36 F. Supp. 95 | D.N.J. | 1940
Recently I determined that alleged bankrupt was not insolvent when he preferred his father-in-law as a creditor by executing a chattel mortgage to secure the repayment of a loan.
Upon notice, and presentation of a proposed order, the attorney for alleged bankrupt requests that an allowance be made in taxed costs for attorney’s fees against the petitioning creditors.
The request is based upon the provisions of section 2, sub. a (18), of the Bankruptcy Act, 11 U.S.C.A. § 11, sub. a(18), and General Order No. 34, 11 U.S.C.A. following section 53.
The former empowers the bankruptcy court to “Tax costs and render judgments therefor against the unsuccessful party, against the successful party for cause, in part against each of the parties, and against estates, in proceedings under this title.” 11 U.S.C.A. § 11, sub. a(18).
The General Order reads as follows: “In cases of involuntary bankruptcy, when the debtor resists an adjudication, and the court, after hearing, adjudges the debtor a bankrupt, the petitioning creditor shall recover, and be paid out of the estate, the same costs that are allowed to a party recovering in a civil action cognizable as a case in equity; and if the petition is dismissed, the debtor shall recover like costs against the petitioner.” Gen.Order 34.
The attention of the Court is also called to the provisions of section 69 sub. b of the Bankruptcy Act, 11 U.S.C.A. § 109, sub. b
Under the statute and general order above quoted, it appears that the court cannot allow counsel fees.
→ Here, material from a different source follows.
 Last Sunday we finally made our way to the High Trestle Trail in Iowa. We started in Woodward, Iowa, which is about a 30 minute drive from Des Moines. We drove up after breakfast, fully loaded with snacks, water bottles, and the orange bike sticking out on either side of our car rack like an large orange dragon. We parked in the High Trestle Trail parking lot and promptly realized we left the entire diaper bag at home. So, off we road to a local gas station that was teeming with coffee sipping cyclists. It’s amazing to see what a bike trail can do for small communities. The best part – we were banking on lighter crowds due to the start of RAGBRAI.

See In re Ghiglione, D.C., 93 F. 186, in which it was held that unless a bond was given for possession, “Ordinary cases of involuntary proceedings * * * fall as respects costs under the provisions of rule 34, which does not allow counsel fees in addition to costs.” 93 F. at page 188.
That determination is followed in the case In re Morris; D.C., 115 F. 591, and in which decision it is stated:
“I am asked also to make an order awarding costs to the bankrupt, together with counsel fees and damages. Undoubtedly the bankrupt is entitled to costs, but there is no provision in the act for the allowance of counsel fees or damages, except under section 3, cl. e, and this applies only when the bankrupt’s property has been taken out of his possession. The subject has been fully considered by Judge Brown in the Southern district of New York in Re' Ghiglione, 1 Am.Bankr.R. 580, 93 Fed. 186, and it would be superfluous to go over the ground again. I fully agree with Judge Brown’s reasoning and conclusions.
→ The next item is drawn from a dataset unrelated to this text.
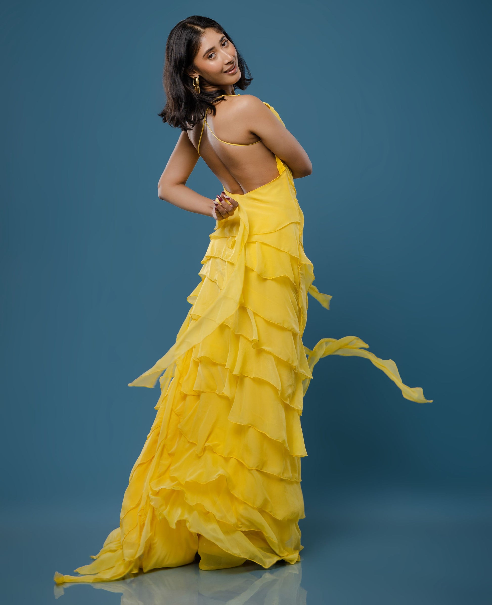This bright yellow ruffle maxi dress is perfect for summer days. It has a halter neck and an open back with crisscross straps. The soft, layered fabric flows beautifully, giving it a light and dreamy look. Ideal for beach holidays, brunches, or any summer event.

“An order may be entered dismissing the petition, at the costs of the petitioning creditor.” 115 F. 591.
The same ruling is in the case In re Shon, D.C., 212 F. 797, in which it was held that although it appeared that the proceedings were-not in good faith, yet no counsel fee' could be included in taxed costs. See, also, In re National Carbon Co., 6 Cir., 241 F. 330, 332, 333.
The case In re Wilkes-Barre Hotel Co., D.C., 17 F.Supp. 875, is a proceeding in reorganization to which the aforesaid provisions of the Bankruptcy Act were applied, and the court held that the corporate debtor could not recover counsel fees as taxed costs in a proceeding instituted by creditors when the petition was dismissed.
The only case I have been able to find which in any way suggests liability is that of In re Wise, D.C., 212 F: 567. The judge there allowed a counsel fee of $20, as provided for in equity rules, in addition to general costs. That rule is now obsolete in view of the adoption of the Federal Rules of Civil' Procedure which do not contain a similar provision.
I have signed the order presented to me, dismissing the petition and providing for taxation of costs, but not including any allowed counsel fee.